We can, and almost always do, make moral choices without having to determine the nature of our existence and how we know that we know what we know that we know. We seem to use a process analogous to Rom 2:15, a combination of emotion and rational thought.
My argument is this: If we take a contentious moral issue such as the homosexual act or artificial contraception and look at how it is debated, for example here on CAF, no one takes a blind bit of notice about the chapter and verse wheeled out by the other side. Debaters will also try for absolutes from tradition on one side and science on the other. Again, none of it changes hearts and minds. It turns out that no one can point to a truth written on everyone’s hearts. We all have principles to live by but in the real world moral absolutes seem at best superfluous to the way we make personal moral decisions, and at worse can be dangerous if we put our own beliefs (in science, philosophy or religion) before the welfare of our fellow man.
Do you, or do you not agree that there are something in this world that you consider like the Principle of Contradiction, the Empirical method, that Other Minds and Persons exists as TRUE objectively?
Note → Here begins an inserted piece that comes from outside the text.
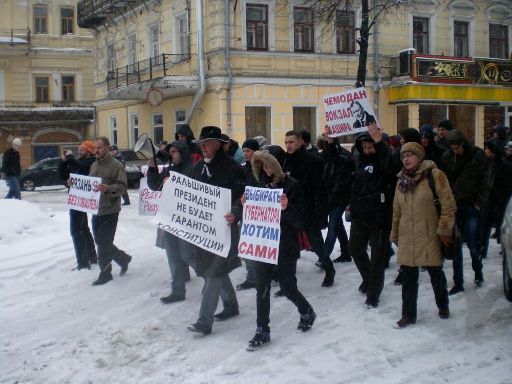 Участники рязанской "Стратегии-31" потребовали проведения всенародных выборов губернатора и мэра, а также отставки действующего главы региона Олега Ковалева и главы администрации Рязани Виталия Артемова. Митинг и шествие, в которых приняли участие десятки человек, состоялись в Рязани 31 марта.

Now that is from human experience. You might have misunderstood the term “human experience” as observation. That is incorrect.
My argument is that Morality is such a truth that is from human experience. Now what is your counter argument?
As for truths written in all our hearts, you are again talking about objectivity in the Normative sense. That is not what is meant by objective morality. What objective morality means is that regardless of whether it was written in your heart or not, whether the entire population believes it or not, some actions are MORAL and others are IMMORAL. You do not seem to have understood this according to what you have written above.